Art Basel’s Kickstarter Partnership Off to a Very, Very Slow Start

Crowds at Art Basel in Miami Beach.
Photo: © Art Basel.
Crowds at Art Basel in Miami Beach.Photo: © Art Basel.

Crowds at Art Basel in Miami Beach.
Photo: © Art Basel.

We were skeptical when Art Basel recently announced a new joint venture of sorts with crowd-funding website Kickstarter. The “digital initiative,” as it is described, is intended to serve as an online fundraising platform for creative projects.

Reactions from art media organizations ranged from straightforward to  mildly enthusiastic to downright critical. As Jillian Steinhauer pointed out in her post on Hyperallergic: “Supporting nonprofit visual arts organizations means, you know, supporting them. With resources and stuff. The only resource being offered here is publicity. Of a certain, very specific (and not yet entirely clear) nature.”

The initiative includes a curated page on Kickstarter’s website featuring an array of projects selected by an independent jury that includes Hammad Nasar, curator and head of research at the Asia Art Archive in Hong Kong, Glenn Phillips, head of architecture and contemporary art at the Getty Research Institute, and Mari Spirito, founding director of nonprofit organization Protocinema.

So how is it going so far?

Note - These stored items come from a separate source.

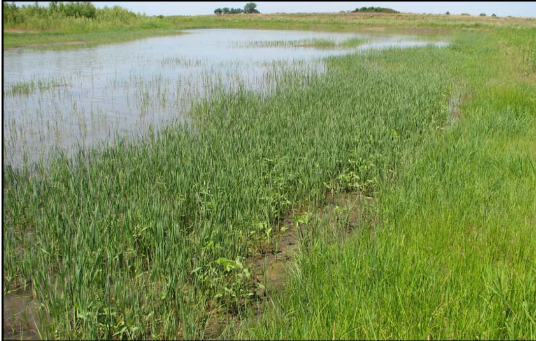
Photo 15. Northwestern portion of site, facing west. (June 13, 2006)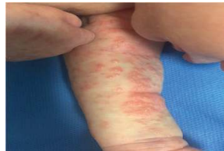
FIGURE 3: The appearance of skin lesions on the arm of the patient.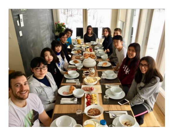
Breakfast time, Yukon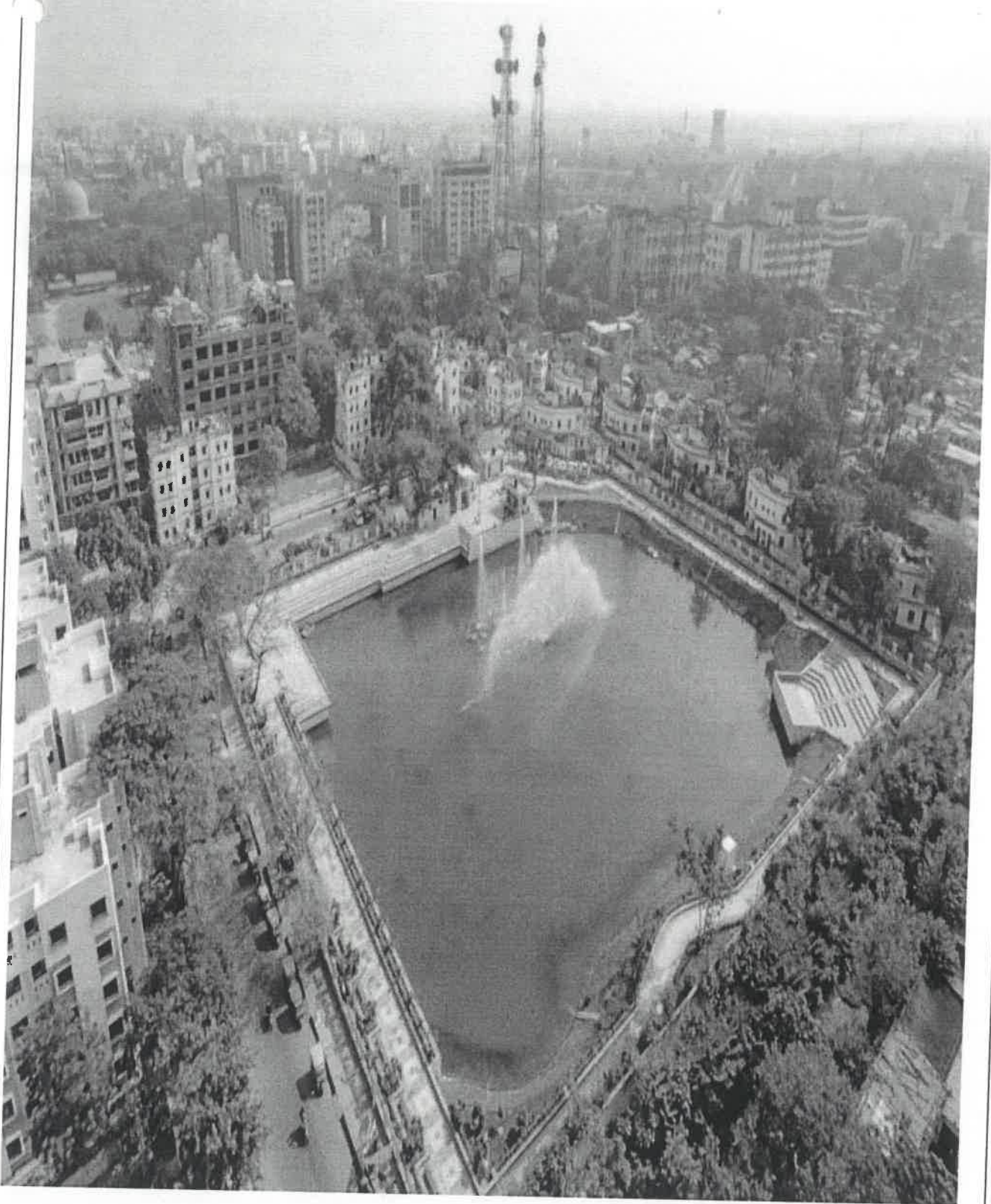
Figure 2: Site Photo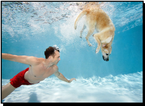
Both dogs and their humans enjoy the annual Paws In the Pool event at Franklin Pool.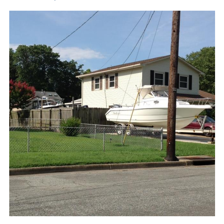
Meets current code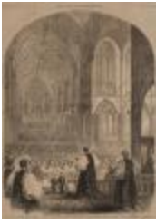
Newspaper: "The Fairy Wedding - The Marriage Ceremony of Charles S. Stratton (Gen. Tom Thumb) and Miss Lavinia Warren (The Queen of Beauty)" from Frank Leslie's Illustrated Newspaper (black and white) (EL 1988.076.001)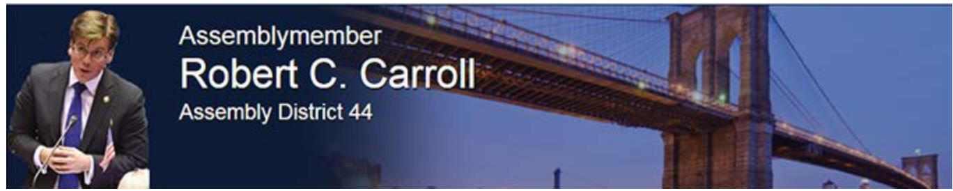
March 22, 2019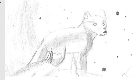
Emmanuel's Arctic Fox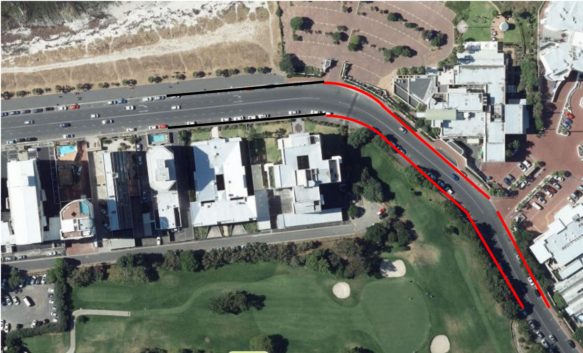
Beach Road, Start Precinct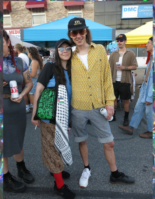
@ Labor Day Fest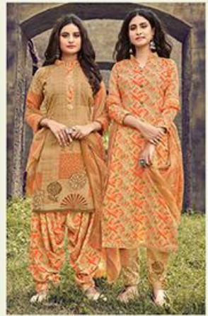
•• D.NO \ 1608

Potato salad it is not.

Of six individual projects listed on the Kickstarter Art Basel page, the highest sum that has been raised for a single project is $25,615 (£15,640) for two new artists’ studios for Gasworks, a London-based organization that supports emerging artists. This represents 39 percent of the hoped-for goal, and there are 25 days to go. That is currently the most successful project of the bunch…relatively speaking.

Of the others, the response so far is anything but encouraging, especially considering Kickstarter’s “all or nothing” approach whereby organizations receive not money at all if the crowds and the funds fail to reach a certain number. Of the other five initiatives Art Basel’s curators have chosen to highlight, response has been most dismal for the Long Island City-based ScultpureCenter and its project “Sculpture Center Presents: Araya Rasdjarmrearnsook,” a planned exhibition featuring works by the Southeast Asian video artist. So far the campaign has raised pledges totaling $592, or 4 percent of its goal. With 45 days left to go, the campaign could still turn around, but it seems Art Basel’s endorsement isn’t doing much to help.